3.4. Incidence Rates and Control Effects of Each Treatment by Season

As the annual application period ran from April to October, the incidence rates and relative disease indices of each treatment were calculated and studied in the spring (May–June), summer (July–August), and autumn (September–October) of each year. In October 2021, the incidence rate of each treatment showed different trends, among which the incidence rate of treatment 8 decreased 5% compared to its value in May, treatments 4 and 6 had no increase, and the rest of the treatments showed an increase in incidence (Table S2). In 2022, the incidence rate of each treatment decreased compared to the previous year, among which all the treatments showed an increase in incidence except for treatment 11 which had a 5% decrease in incidence compared to its value in May of the same year (Table S2). The trend of incidence rate changes in 2023 for all the treatments differed from those of the previous two years; it had a decreasing trend and was the lowest out of the three years. Among them, treatment 11 decreased by 25% and performed the best out of all the treatments (Table S2).

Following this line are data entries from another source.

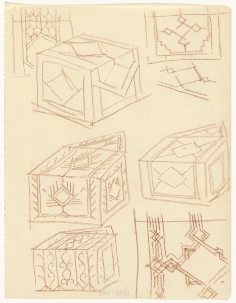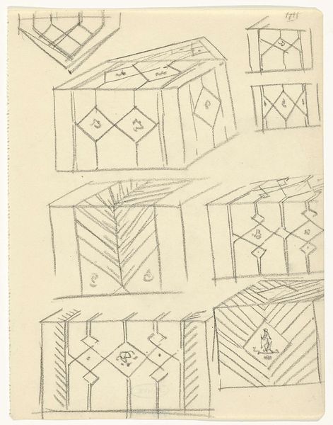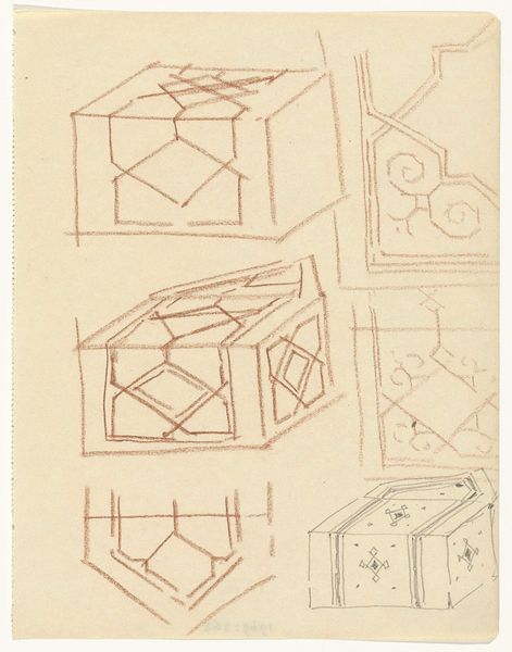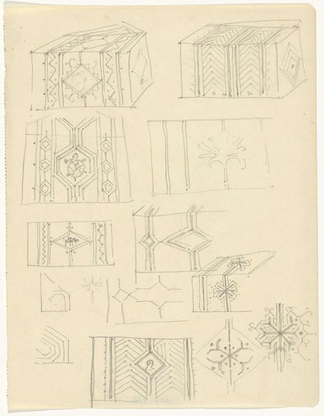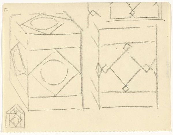 Curator: We're looking at "Ornamentontwerpen op blokken," a pencil drawing made by Gerrit Willem Dijsselhof, likely between 1876 and 1924. What strikes you first about it? Editor: There’s a delicacy to these geometric forms. Despite being pencil sketches, they evoke a certain architectural monumentality, almost as if Dijsselhof is sketching miniature temples. Curator: Absolutely. Knowing Dijsselhof's artistic trajectory, steeped in late 19th, early 20th-century art, one sees how ideas regarding craft, architecture, and societal ideals all came together in the ornamental design. How do you think this fits in? Editor: Ornament always speaks to a desire for meaning, wouldn’t you say? Dijsselhof gives us something more than pure abstraction: geometric frameworks are layered to recall symbols. The cube as the physical symbol for foundations can take a psychological shape as our human connection to something solid, perhaps also echoing Freemasonry concepts. Curator: The question is, for whom? Dijsselhof lived during intense changes in class and gender relations, and ideas around design had implications in class division. Consider the ways craft was valued—or not—and the social values associated with it. What did this symbol mean for the working class, and what implications are there in applying geometry to ornamentation? Editor: Well, given that Dijsselhof moved to designing furniture, I think there’s some democratizing urge at work, a way of giving everyone access to beautiful and historically laden form. I wonder whether the shapes evoke cultural memory even when not immediately decoded. Curator: That act of enfolding history within something we interact with daily seems vital, even revolutionary. To imply it would be beautiful is a fascinating theory. Editor: It does bring something forward regarding that time frame in history, where those architectural memories meet the more human element in design in the social era. Curator: I agree. It gives insight into a social movement when ideas were very different from what we embrace now, which allows viewers to ask these questions. Editor: An invitation for a deep delve into history through everyday things.
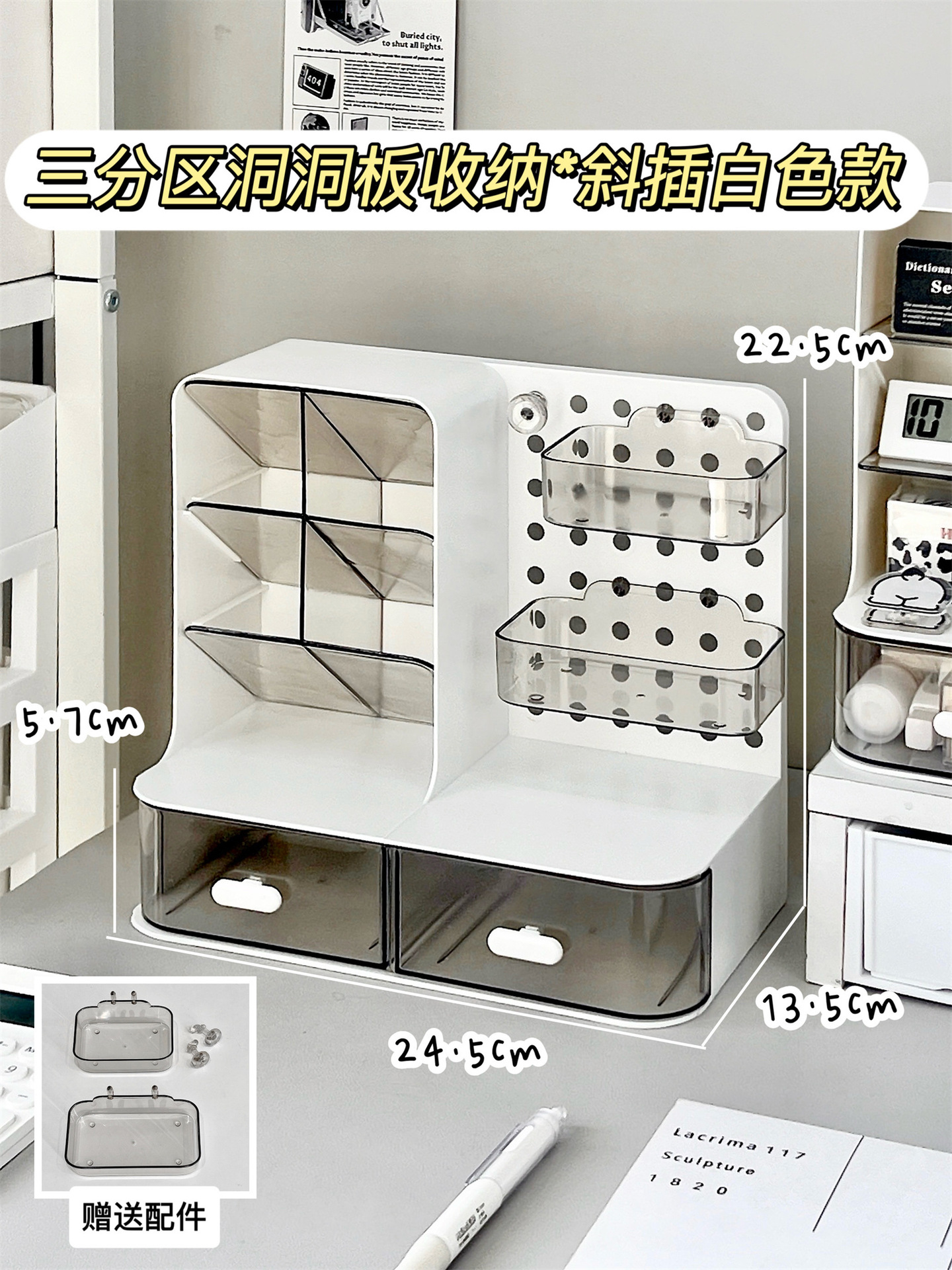 • 3칸 구멍판 수납 * 대각선 삽입 화이트 모델 [무료 부속품]
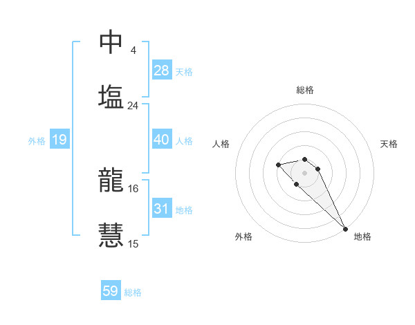 中塩 龍慧さんの地格は31画の5点!
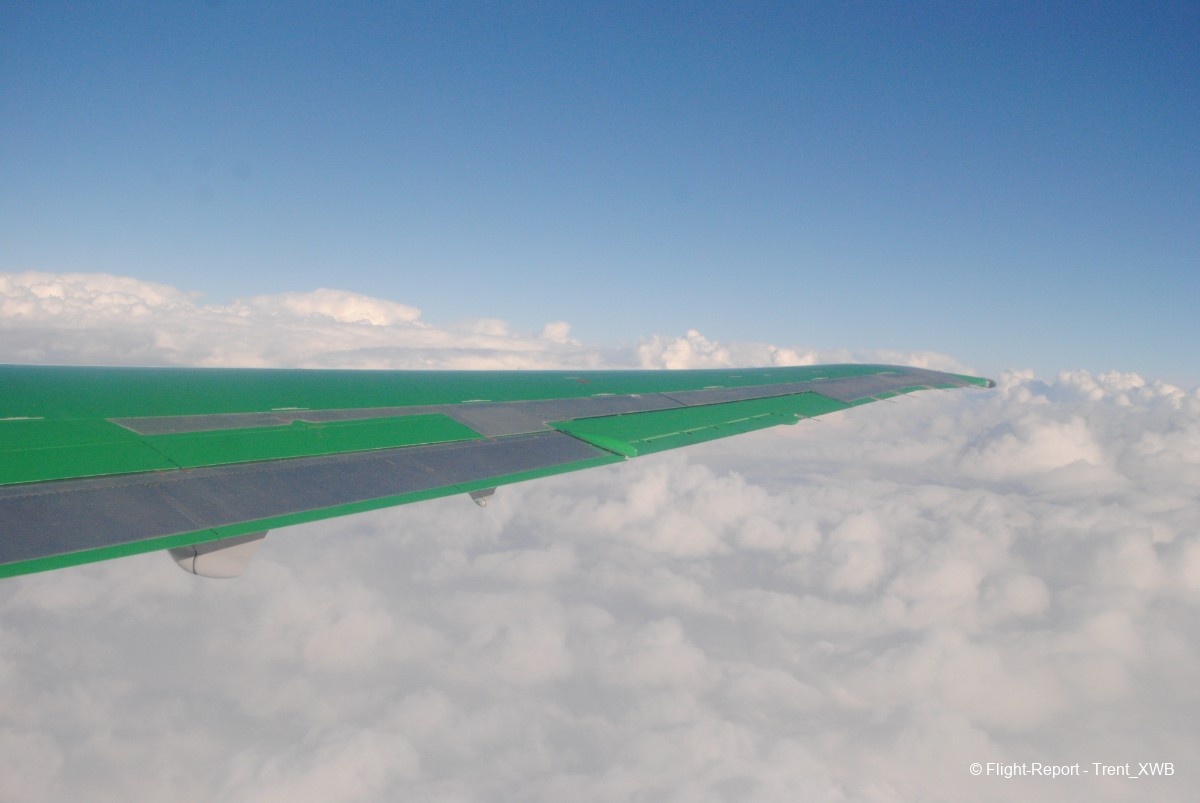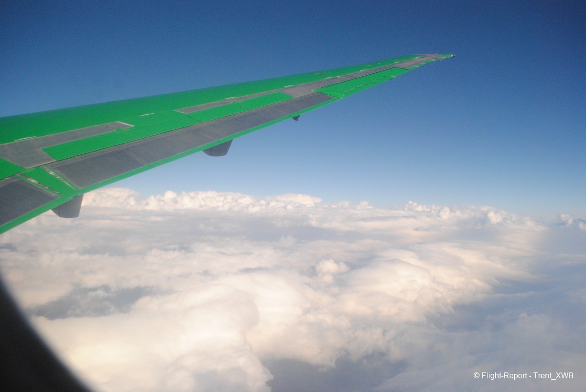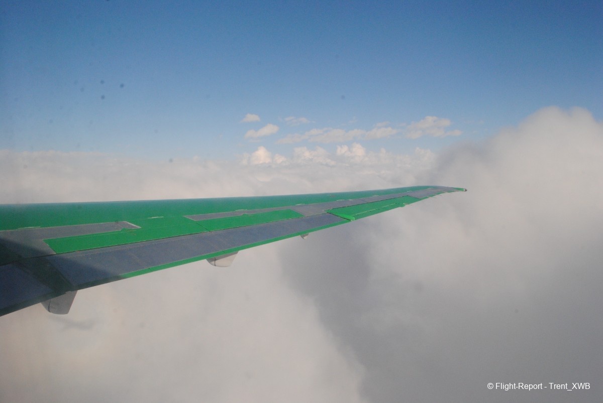 The last bit of the blue sky before diving into the clouds as we're starting our descent.
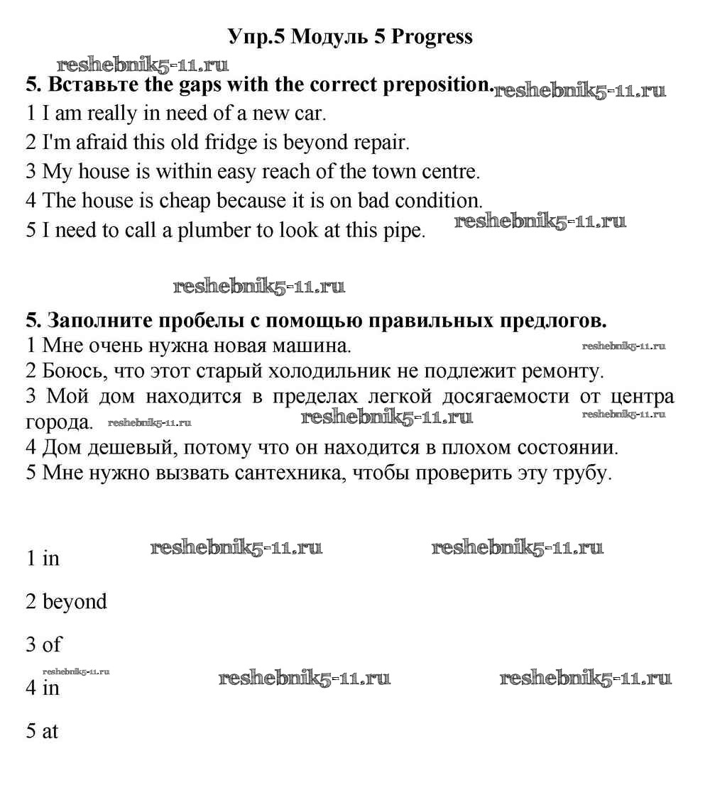 Готовая домашняя работа с ответами по Английскому языку за 11 класс Эванс, Дули, Оби, Афанасьева, Михеева Учебник Spotlight Просвещение 2015 ФГОС - Progress Check 5

In the spring of 2021, the disease index of treatment 12 decreased by 3.75, and the rest of the treatments showed an increase in the disease index. In the summer, the B. subtilis irrigation treatment (treatment 2) had the lowest relative disease index (−7.5), followed by treatments 8 and 12 (both at −2.5). In the autumn, treatments 8 and 12 had the lowest relative disease indices of 1.25 and 3.75, respectively. Treatment 7 ranked third with 6.25, and those of the remaining treatments were higher than 10 (Figure 3A, Table S3). In the spring of 2022, a low relative disease index was observed in treatments 3 and 12, at −0.96 and 3.95, respectively. The effectiveness of the other treatments was higher than 4. Treatment 5 exhibited the lowest relative disease index in the summer (2.13), while those of the other treatments were higher than 7. In autumn, the disease index of treatment 11 decreased by 1.39, and those of the rest of the treatments increased and had values higher than 9 (Figure 3B, Table S3). In 2023, treatment 12 had the lowest relative disease index in the spring (3.95), followed by treatments 7 (5.55) and 11 (4.74). The other treatments had relative disease indices less than 6. In the summer, lower relative disease indices were observed in treatments 2, 6, 8, and 9, which reached −1.36, −0.22, −0.36, and −5, respectively. The other treatments had relative disease indices higher than 0. In the autumn, the disease index of treatment 11 decreased by 1.84, followed by treatment 7 (decreased by 0.41). The remaining treatments showed values above 0 (Figure 3C, Table S3). The red leaf index of the application treatments ranged from 31 to 52. Treatments 8 and 12 performed optimally, with 52 and 51.5, respectively, while the lowest value was 31 (treatment 1; Figure 3D and Table S3). In summary, the treatments with the optimal control effect in spring, summer, and autumn were treatment 12, 2, and 11, respectively.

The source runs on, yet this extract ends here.